- YOUR INSTRUCTIONS
With the pictures left out, return exactly the lines from the one containing "Manchester City thường" through the end of the listing below.
GIVEN DATA below:
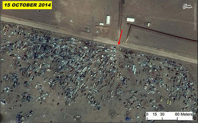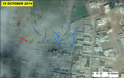 تغییراتی که در تصاویر مشاهده میشود، در مدتی کمتر از یک ماه رخ داده و برخی مناطق آباد این شهر را به بیابانی خشک و خالی تبدیل کرده است. هماکنون بیابانهای اطراف این شهر محل استقرار آوارگان و جادهها نیز کمینگاه عناصر داعش هستند. طی این مدت، هزاران ساختمان تخریب و بسیاری از جادهها به وسیله عناصر داعش مسدود شدهاند.
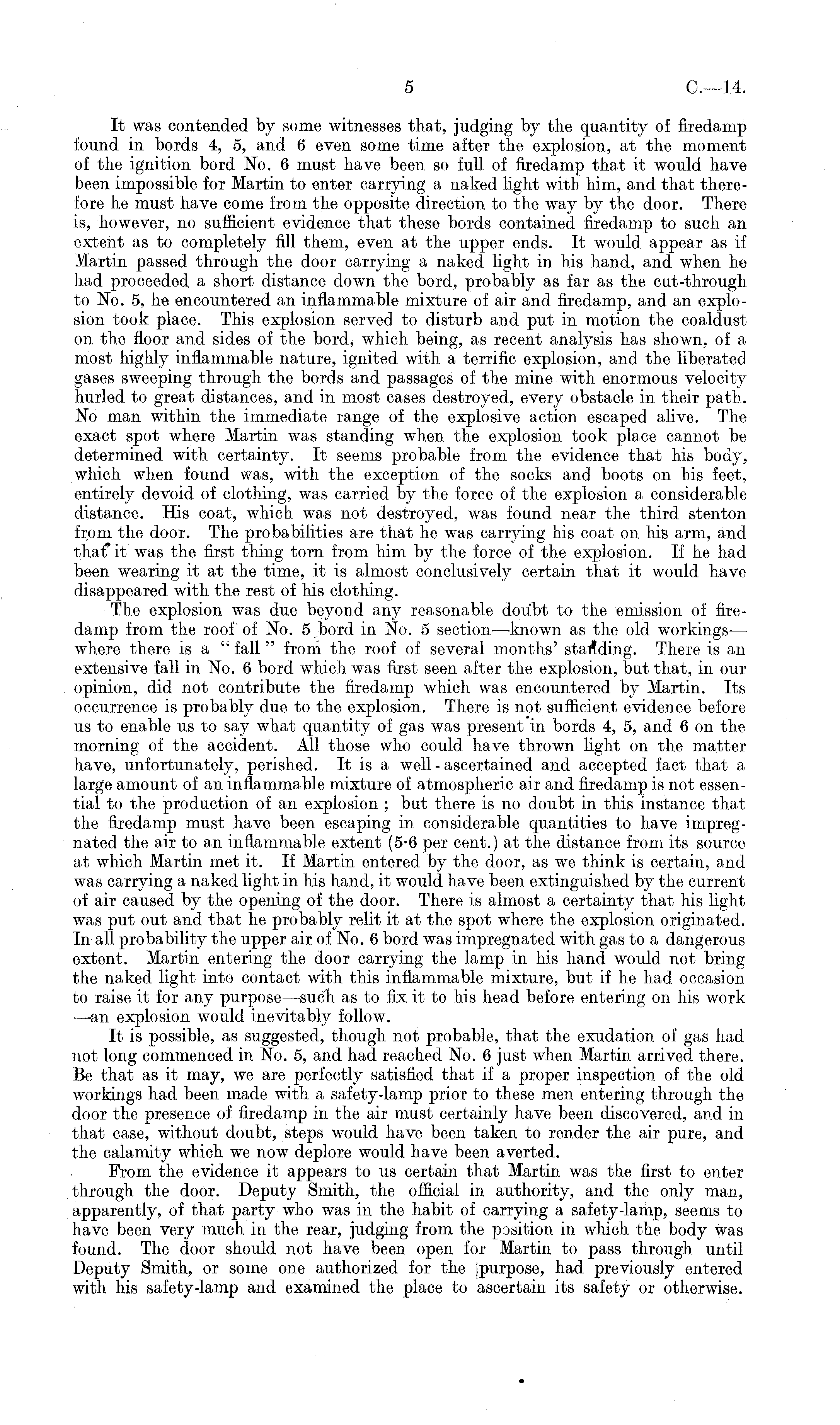 It was contended by some witnesses that, judging by the quantity of firedamp found in bords 4, 5, and 6 even some time after the explosion, at the moment of the ignition bord No. 6 must have been so full of firedamp that it would have been impossible for Martin to enter carrying a naked light with him, and that therefore he must have come from the opposite direction to the way by the door. There is, however, no sufficient evidence that these bords contained firedamp to such an extent as to completely fill them, even at the upper ends. It would appear as if Martin passed through the door carrying a naked light in his hand, and when he had proceeded a short distance down the bord, probably as far as the cut-through to No. 5, he encountered an inflammable mixture of air and firedamp, and an explosion took place. This explosion served to disturb and put in motion the coaldust on the floor and sides of the bord, which being, as recent analysis has shown, of a most highly inflammable nature, ignited with a terrific explosion, and the liberated gases sweeping through the bords and passages of the mine with enormous velocity hurled to great distances, and in most cases destroyed, every obstacle in their path. No man within the immediate range of the explosive action escaped alive. The exact spot where Martin was standing when the explosion took place cannot be determined with certainty. It seems probable from the evidence that his body, which when found was, with the exception of the socks and boots on his feet, entirely devoid of clothing, was carried by the force of the explosion a considerable distance. His coat, which was not destroyed, was found near the third stenton from the door. The probabilities are that he was carrying his coat on his arm, and that'll was the first thing torn from him by the force of the explosion. If he had been wearing it at the time, it is almost conclusively certain that it would have disappeared with the rest of his clothing. The explosion was due beyond any reasonable doubt to the emission of firedamp from the roof'of No. 5 bord in No. 5 section—known as the old workings — where there is a " fall " from the roof of several months' standing. There is an extensive fall in No. 6 bord which was first seen after the explosion, but that, in our opinion, did not contribute the firedamp which was encountered by Martin. Its occurrence is probably due to the explosion. There is not sufficient evidence before us to enable us to say what quantity of gas was present in bords 4, 5, and 6 on the morning of the accident. All those who could have thrown light on the matter have, unfortunately, perished. It is a well - ascertained and accepted fact that a large amount of an inflammable mixture of atmospheric air and firedamp is not essential to the production of an explosion ; but there is no doubt in this instance that the firedamp must have been escaping in considerable quantities to have impregnated the air to an inflammable extent (5-6 per cent.) at the distance from its source at which Martin met it. If Martin entered by the door, as we think is certain, and was carrying a naked light in his hand, it would have been extinguished by the current of air caused by the opening of the door. There is almost a certainty that his light was put out and that he probably relit it at the spot where the explosion originated. In all probability the upper air of No. 6 bord was impregnated with gas to a dangerous extent. Martin entering the door carrying the lamp in his hand would not bring the naked light into contact with this inflammable mixture, but if he had occasion to raise it for any purpose —such as to fix it to his head before entering on his work —an explosion would inevitably follow. It is possible, as suggested, though not probable, that the exudation of gas had not long commenced in No. 5, and had reached No. 6 just when Martin arrived there. Be that as it may, we are perfectly satisfied that if a proper inspection, of the old workings had been made with a safety-lamp prior to these men entering through the door the presence of firedamp in the air must certainly have been discovered, and in that case, without doubt, steps would have been taken, to render the air pure, and the calamity which we now deplore would have been averted. From the evidence it appears to us certain that Martin was the first to enter through the door. Deputy Smith, the official in authority, and the only man, apparently, of that party who was in the habit of carrying a safety-lamp, seems to have been very much in the rear, judging from the position, in which the body was found. The door should not have been open for Martin to pass through until Deputy Smith, or some one authorized for the [purpose, had previously entered with his safety-lamp and examined the place to ascertain its safety or otherwise.
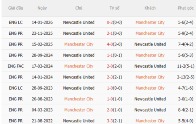 Manchester City thường kiểm soát bóng nhiều và ép trận, có thể hưởng từ 5–7 quả phạt góc tùy thế trận. Newcastle cũng không ít lần tạo góc khi phản công hoặc ép sân đối thủ, dự đoán khoảng 4–6 quả phạt góc. Trận đấu tới 2 đội sẽ tạo ra từ 10-13 quả phạt góc.
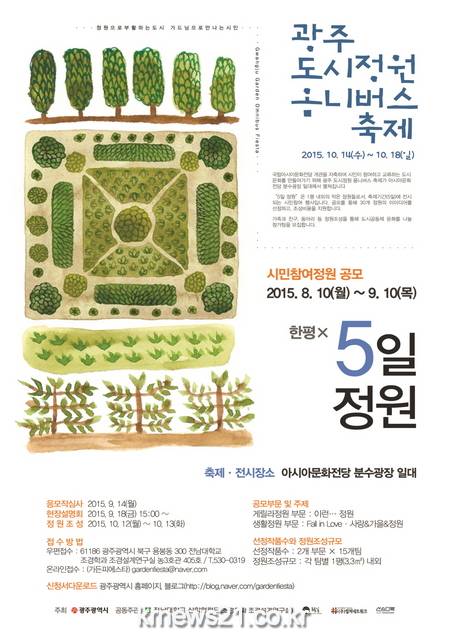 광주광역시는 2015년도 게릴라가든이벤트사업으로 오는 10월 국립아시아문화전당 분수대 광장 일대에서 ‘2015 광주 도시정원 옴니버스 축제’를 개최한다.
End of GIVEN DATA.
- WRITTEN SOLUTION
 Manchester City thường kiểm soát bóng nhiều và ép trận, có thể hưởng từ 5–7 quả phạt góc tùy thế trận. Newcastle cũng không ít lần tạo góc khi phản công hoặc ép sân đối thủ, dự đoán khoảng 4–6 quả phạt góc. Trận đấu tới 2 đội sẽ tạo ra từ 10-13 quả phạt góc.
 광주광역시는 2015년도 게릴라가든이벤트사업으로 오는 10월 국립아시아문화전당 분수대 광장 일대에서 ‘2015 광주 도시정원 옴니버스 축제’를 개최한다.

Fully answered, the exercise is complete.